Find "610元/人 上海光明高尔夫平日公开日优惠" below and begin at its line; stop after the line with "Yisrael Lewin wurde". Output those lines exactly, without pictures.

[RECORDED INFORMATION Boundary: Start]

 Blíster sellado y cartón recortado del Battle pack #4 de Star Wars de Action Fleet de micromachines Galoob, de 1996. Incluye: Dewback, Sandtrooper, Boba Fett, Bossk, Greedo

[RECORDED INFORMATION Boundary: End]
[RECORDED INFORMATION Boundary: Start]

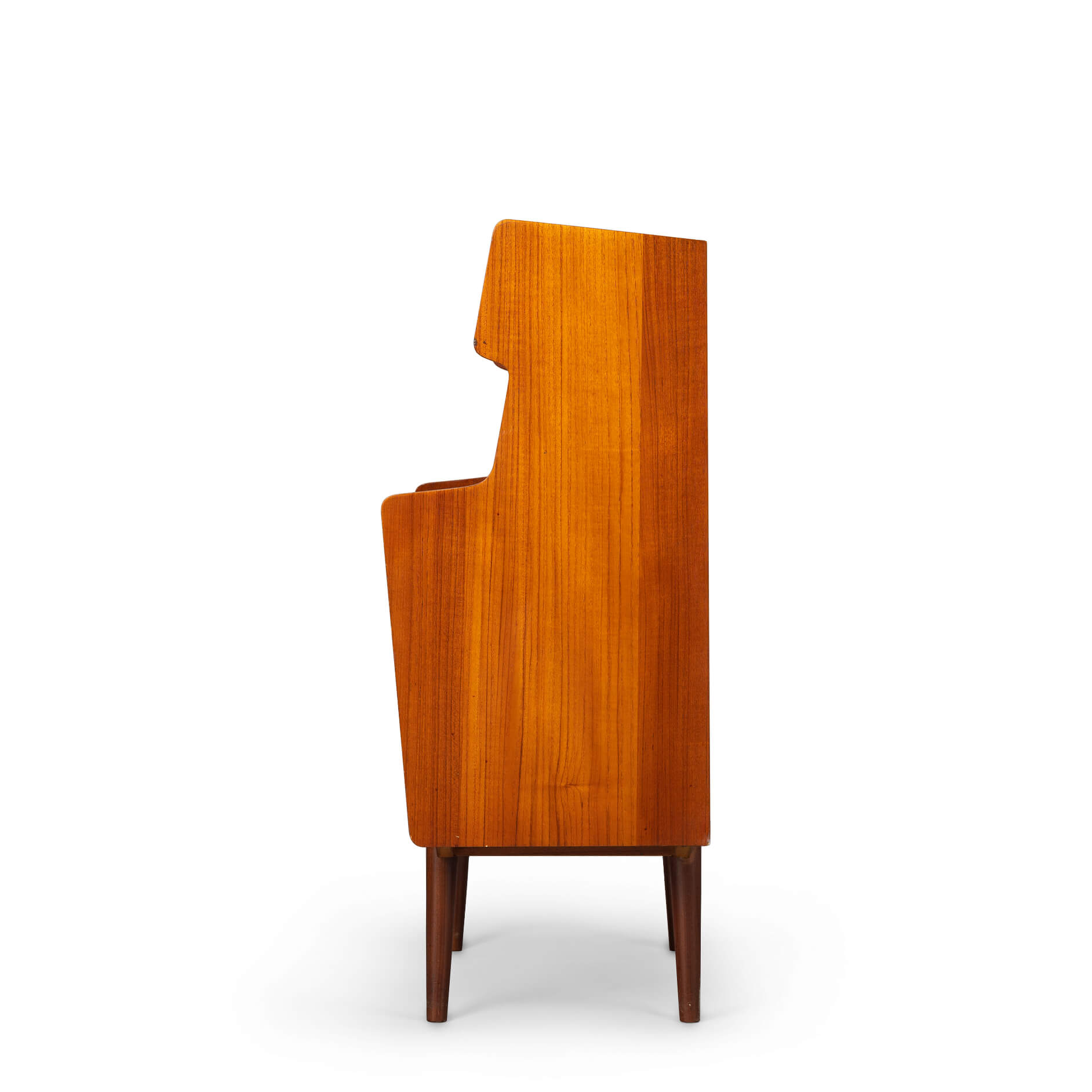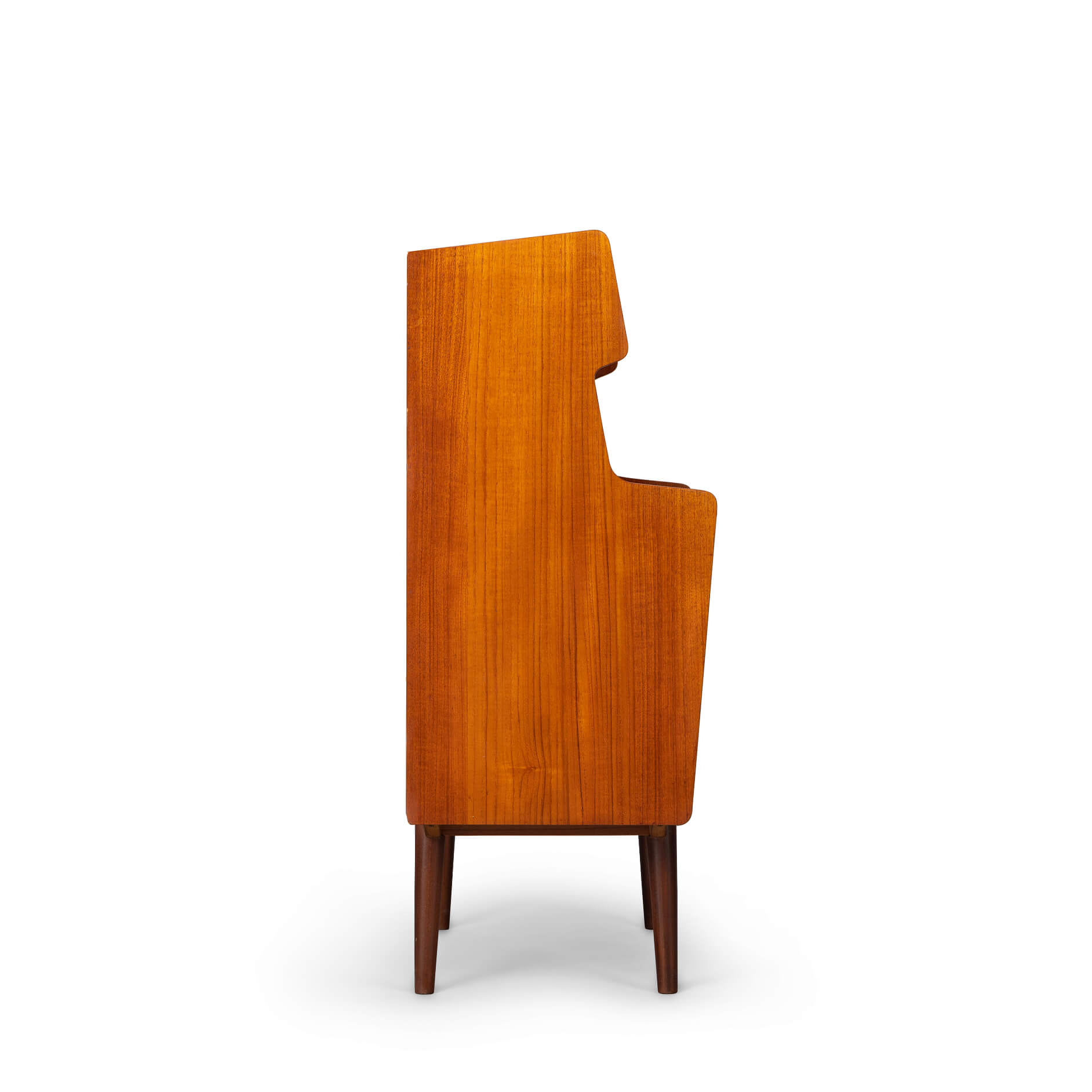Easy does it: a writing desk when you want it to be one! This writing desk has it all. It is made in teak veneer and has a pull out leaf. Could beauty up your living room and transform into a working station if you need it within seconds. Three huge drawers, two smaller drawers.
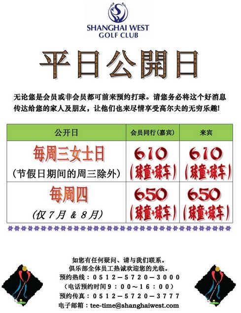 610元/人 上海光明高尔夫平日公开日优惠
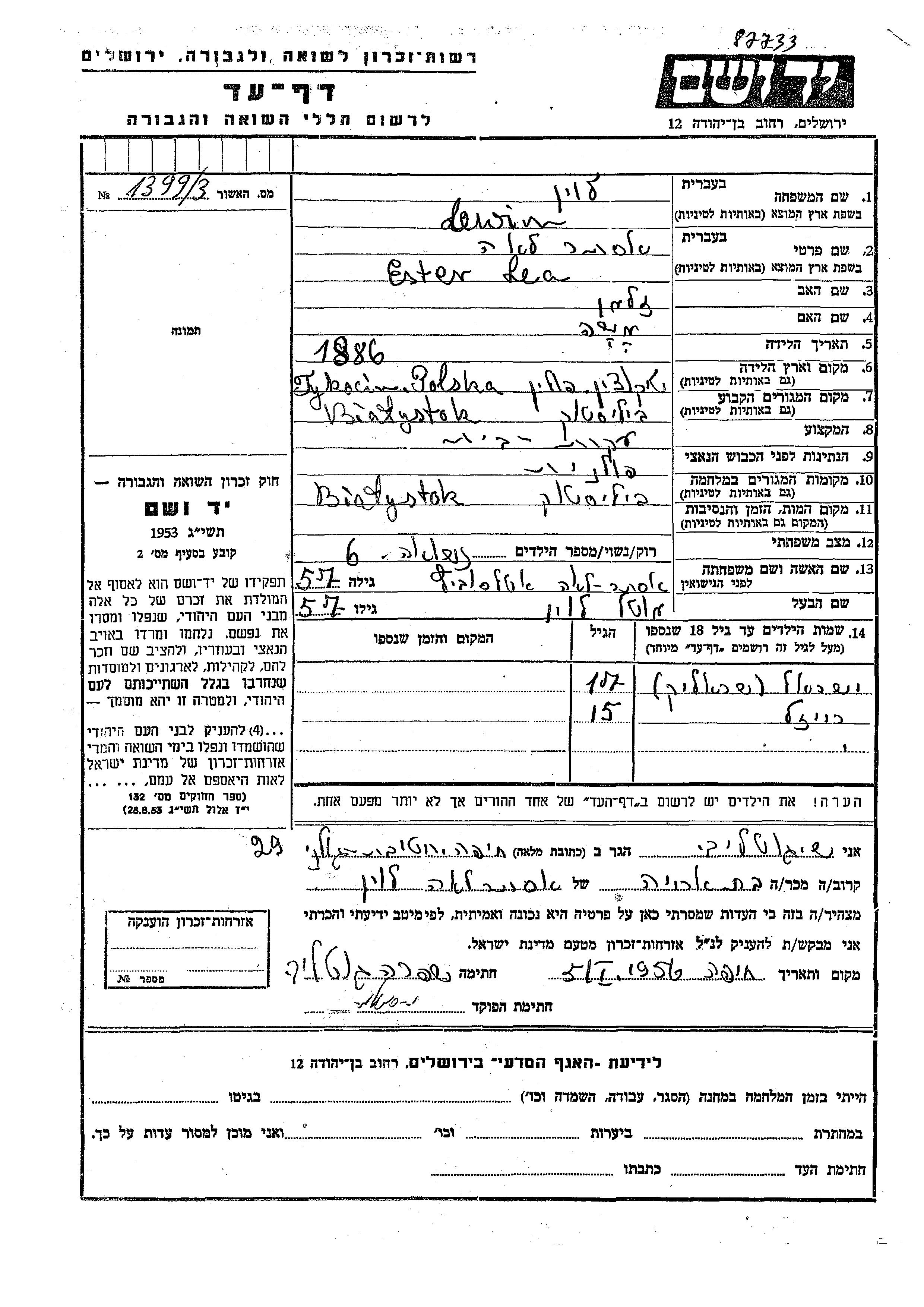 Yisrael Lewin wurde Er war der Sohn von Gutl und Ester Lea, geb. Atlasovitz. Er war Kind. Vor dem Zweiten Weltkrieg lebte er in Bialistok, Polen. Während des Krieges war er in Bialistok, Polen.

[RECORDED INFORMATION Boundary: End]
[RECORDED INFORMATION Boundary: Start]

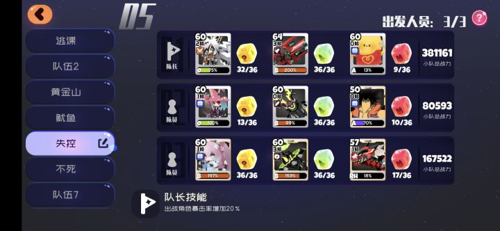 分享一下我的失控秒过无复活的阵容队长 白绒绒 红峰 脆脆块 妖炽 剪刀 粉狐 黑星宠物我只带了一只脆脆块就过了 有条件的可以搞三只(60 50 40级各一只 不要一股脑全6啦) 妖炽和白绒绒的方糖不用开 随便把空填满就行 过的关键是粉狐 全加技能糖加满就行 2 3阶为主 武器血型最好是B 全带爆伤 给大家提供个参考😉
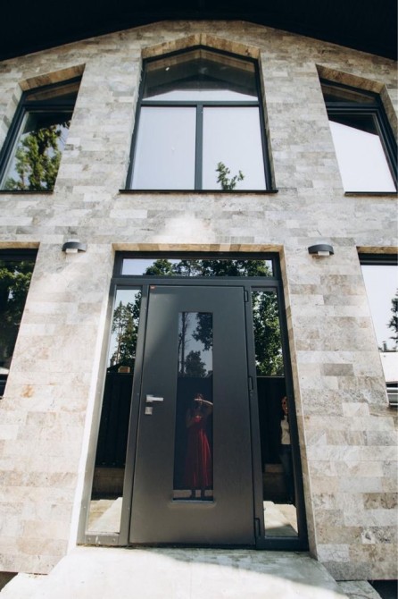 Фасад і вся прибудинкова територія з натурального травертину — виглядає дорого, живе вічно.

[RECORDED INFORMATION Boundary: End]

■ RESPONSE AREA ■
 610元/人 上海光明高尔夫平日公开日优惠
 Yisrael Lewin wurde Er war der Sohn von Gutl und Ester Lea, geb. Atlasovitz. Er war Kind. Vor dem Zweiten Weltkrieg lebte er in Bialistok, Polen. Während des Krieges war er in Bialistok, Polen.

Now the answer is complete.